A Permission Slip You Don’t Need (But I’m Giving You Anyway)
If you’re reading this and thinking, “That sounds nice, but I don’t have time,” I get it.
I’ve been there. I’ve told myself the same thing.
But here’s what I know now: You’re not helping anyone by running yourself into the ground. You’re not saving more people by skipping rest. You’re not building something sustainable by treating yourself like a machine.
You need something that’s just for you. Something that has nothing to do with your mission, your clients, your board, your team, or your bottom line.
Not because it’s productive. Not because it teaches you a skill or grows your network.
Just because it makes you feel like yourself again.
So this week, I’m asking you to try something.
Pick one thing that has nothing to do with your work. Something that sounds silly or indulgent or like a waste of time. Something that makes you feel a little lighter just thinking about it.
And then do it.
Go rescue a rabbit. Watch a Marvel movie. Read a fairy book. Bake something. Garden. Paint. Dance in your kitchen.
Let go of the guilt. Let go of the hustle culture that says rest is earned only after you’ve burned out.

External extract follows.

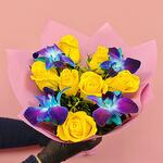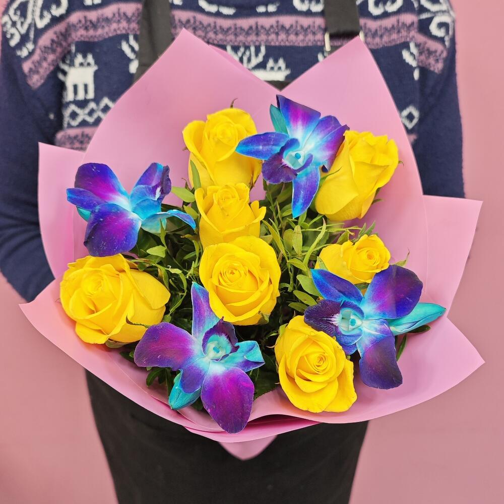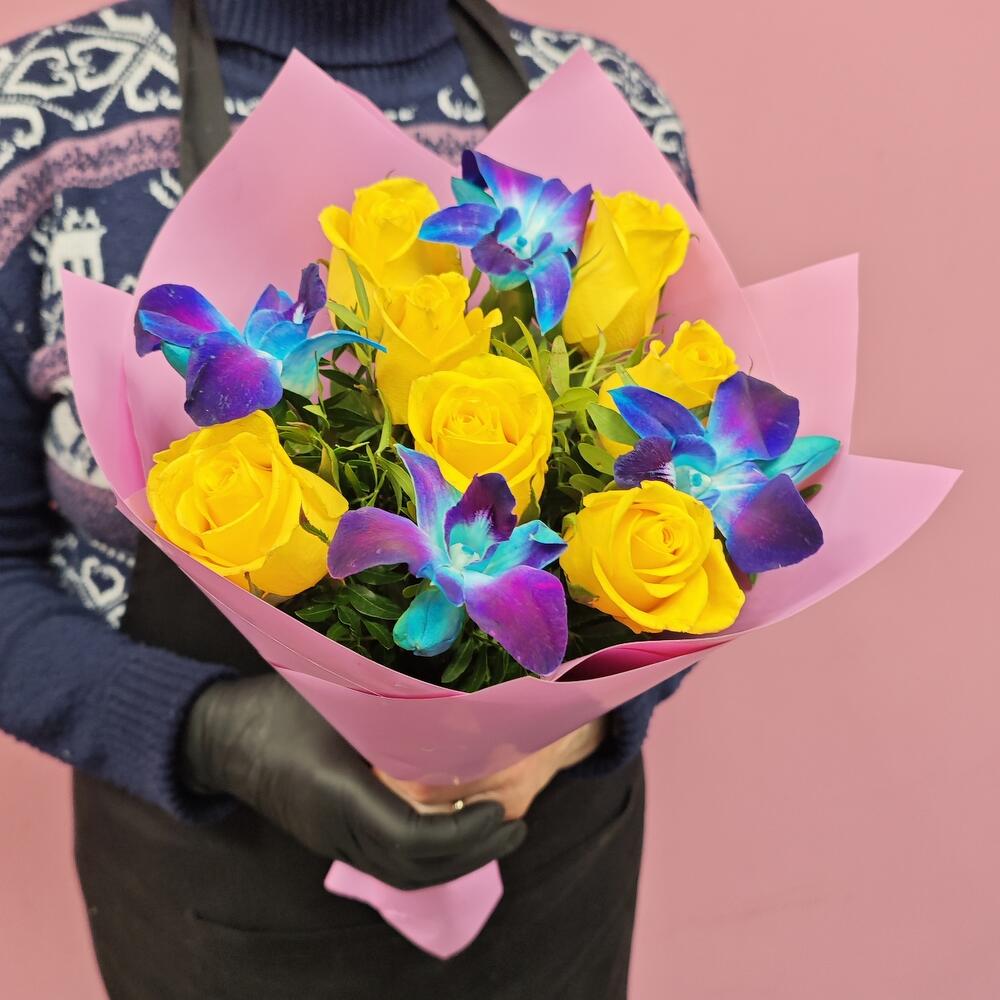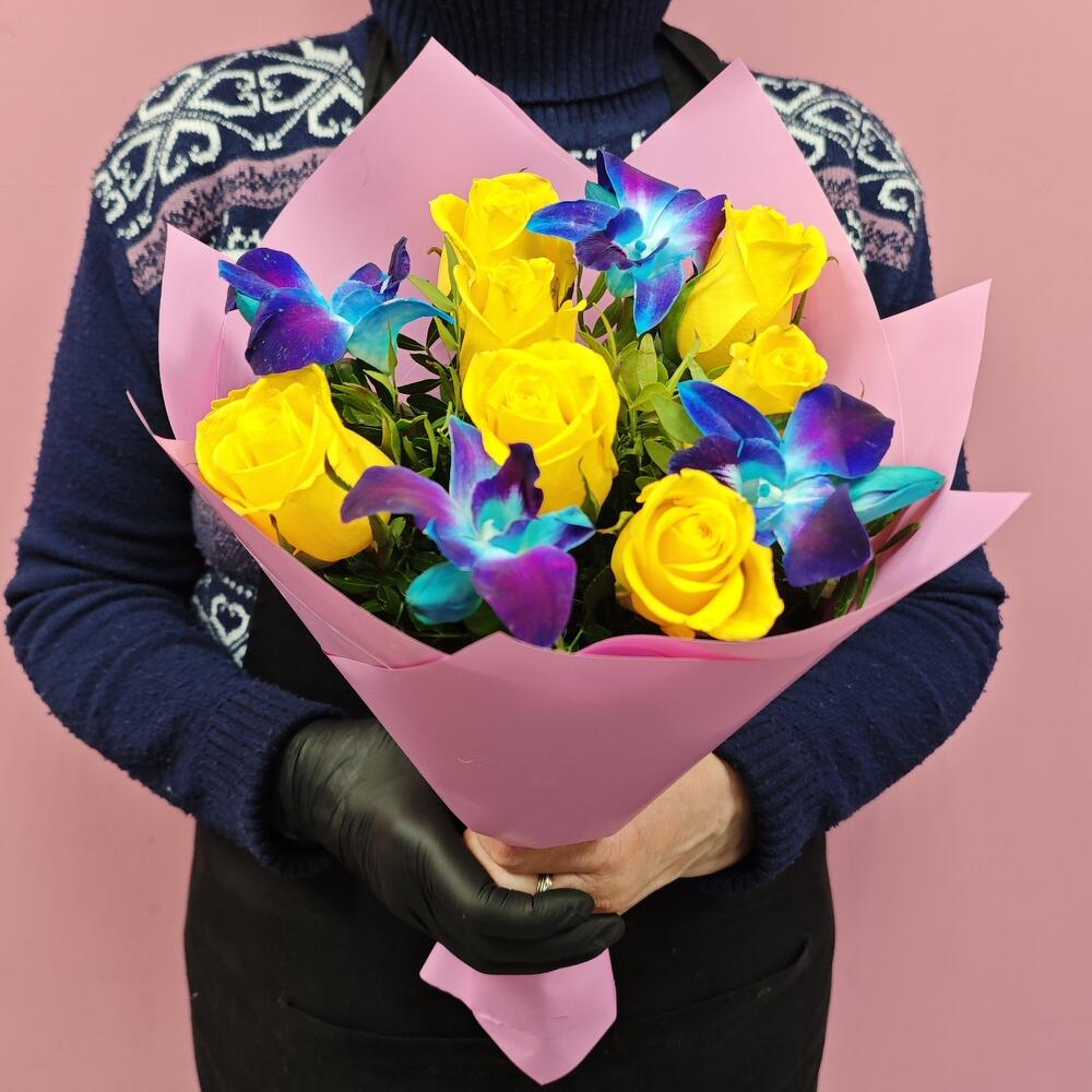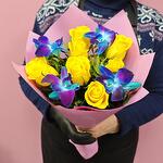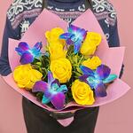 Роза - 7 шт. Лента атласная - 1 шт. Упаковка дизайнерская - 2 шт. Орхидея дендробиум синяя - 4 шт. фисташка ветка - 3 шт.

You deserve to do something just because it brings you joy.
That’s not selfish. That’s survival.
And your mission will still be there when you get back. Probably with a clearer mind and a fuller heart to give it what it needs.

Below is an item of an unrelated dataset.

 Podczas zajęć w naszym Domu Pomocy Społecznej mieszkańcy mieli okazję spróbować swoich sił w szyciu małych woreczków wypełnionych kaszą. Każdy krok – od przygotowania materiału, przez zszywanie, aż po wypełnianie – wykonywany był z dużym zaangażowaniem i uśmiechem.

Your Turn: Share Your Feel Good Friday Story
This is the first post in a new monthly series I’m calling Feel Good Friday.
Every last Friday of the month, I’ll be sharing stories from my life about rest, joy, hobbies, and the things that keep me grounded outside of the mission work. Because if we’re going to build sustainable businesses and lead sustainable teams, we need to talk about what sustains us as human beings.
But I don’t want this to be just me talking at you.
I want to hear from you, too.
What’s bringing you joy outside of work? What hobby or practice helps you stay grounded? What permitted you to rest this month?
Reply to this email or tag me on Instagram with #FeelGoodFridaySIV. I read every single one, and I might feature your story in a future post (with your permission, of course).
📝 Weekend Prompt
Set a timer for 10 minutes. Write down one thing you used to love doing before you got “too busy.”
Then ask yourself: What would it take to do that thing this weekend, even for 20 minutes?
You don’t have to commit to making it a regular thing. You don’t have to be good at it. You just have to try.
See what happens when you permit yourself to play again.